3 - Do I need to setup any yarn configuration file?

4 - when the job is running, the files are decompressed before running 
the mappers and compressed again after reducers executed?

-- 
Thanks,

Re: How to execute wordcount with compression?

Posted by Yanbo Liang <ya...@gmail.com>.

Compression is irrelevant with yarn.
If you want to store files with compression, you should compress the file
when they were load to HDFS.
The files on HDFS were compressed according to the parameter
"io.compression.codecs" which was set in core-site.xml.
If you want to specific a novel compression format, you need to set "STORED
AS INPUTFORMAT" to the corresponding class which act as the role of
compression such as "com.hadoop.mapred.DeprecatedLzoTextInputFormat".
1, you should compress each file in the dir rather than the whole dir.
2, consider the compression ratio, bzip2 > gzip > lzo, however, the
decompression speed is just the opposite order. So we need balance. gzip is
popular one as far as I know.
3, without need.
4, Yes, and the process is transparent to users.

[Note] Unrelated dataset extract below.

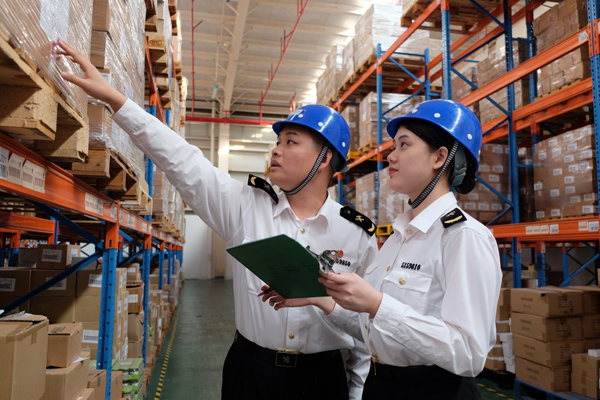 广州海关所属广州白云机场海关现场关员监管跨境电商网购保税进口货物仓储情况。(韩建全摄)
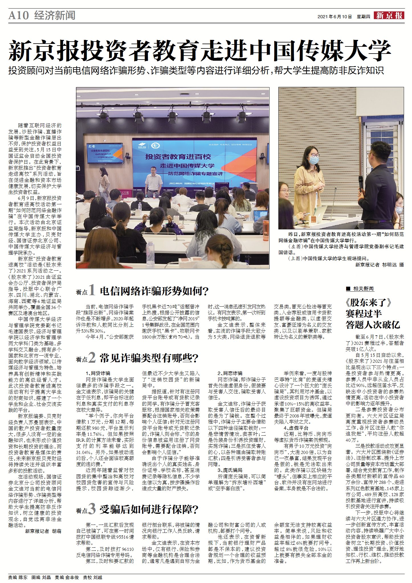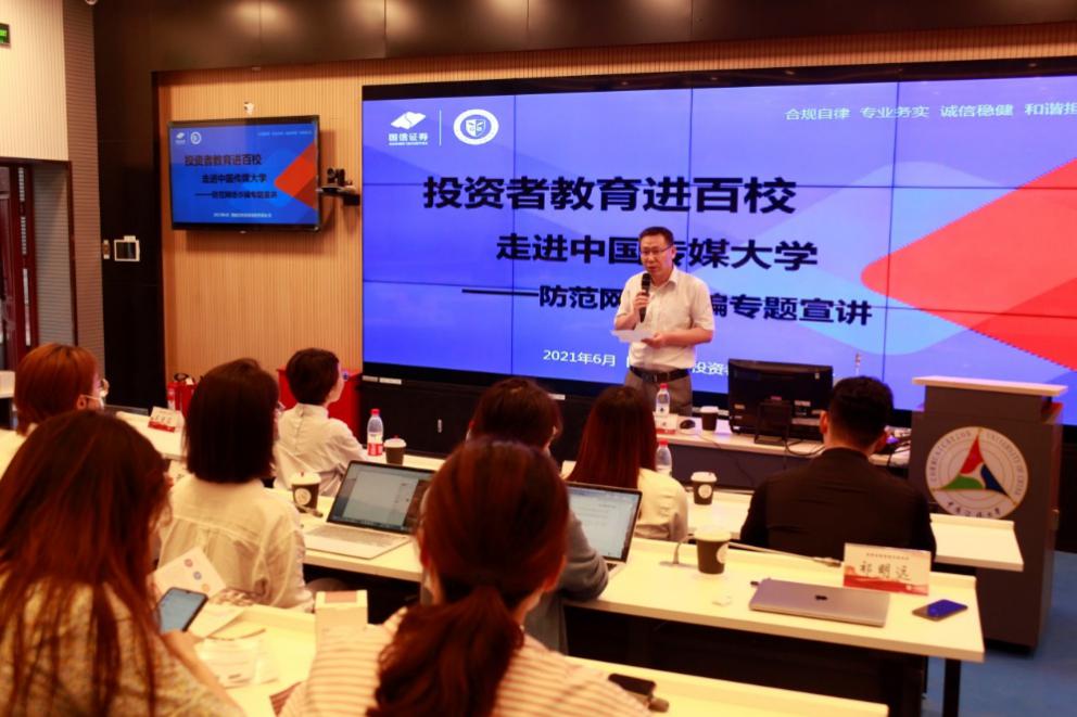 (通讯员 徐智慧 伊善乐 摄影 吴居嫦)6月9日晚,由中国传媒大学、新京报主办,中国传媒大学经济与管理学院、贝壳财经、国信证券北京分公司承办的“投资者教育进百校之走进中传——如何防范网络金融诈骗”专题讲座于33号楼一层报告厅顺利举办。本次讲座特邀国信证券北京分公司首席投资顾问金文迪先生讲授。新京报编委、贝壳财经创始人苏曼丽,新京报经济新闻部主编李蕾,《新京报》财经记者祁明远、邢赛赛、胡萌和国信证券北京分公司投教专员姜明出席讲座,经济与管理学院党委副书记毛建国主持讲座。

2013/10/16 xeon <xe...@gmail.com>

> Hi,
>
>
> I want execute the wordcount in yarn with compression enabled with a dir
> with several files, but for that I must compress the input.
>
> dir1/file1.txt
> dir1/file2.txt
> dir1/file3.txt
> dir1/file4.txt
> dir1/file5.txt
>
> 1 - Should I compress the whole dir or each file in the dir?
>
> 2 - Should I use gzip or bzip2?
>
> 3 - Do I need to setup any yarn configuration file?
>
> 4 - when the job is running, the files are decompressed before running the
> mappers and compressed again after reducers executed?
>
> --
> Thanks,
>
>

Re: How to execute wordcount with compression?

Posted by Yanbo Liang <ya...@gmail.com>.

Compression is irrelevant with yarn.
If you want to store files with compression, you should compress the file
when they were load to HDFS.
The files on HDFS were compressed according to the parameter
"io.compression.codecs" which was set in core-site.xml.
If you want to specific a novel compression format, you need to set "STORED
AS INPUTFORMAT" to the corresponding class which act as the role of
compression such as "com.hadoop.mapred.DeprecatedLzoTextInputFormat".
1, you should compress each file in the dir rather than the whole dir.
2, consider the compression ratio, bzip2 > gzip > lzo, however, the
decompression speed is just the opposite order. So we need balance. gzip is
popular one as far as I know.
3, without need.
4, Yes, and the process is transparent to users.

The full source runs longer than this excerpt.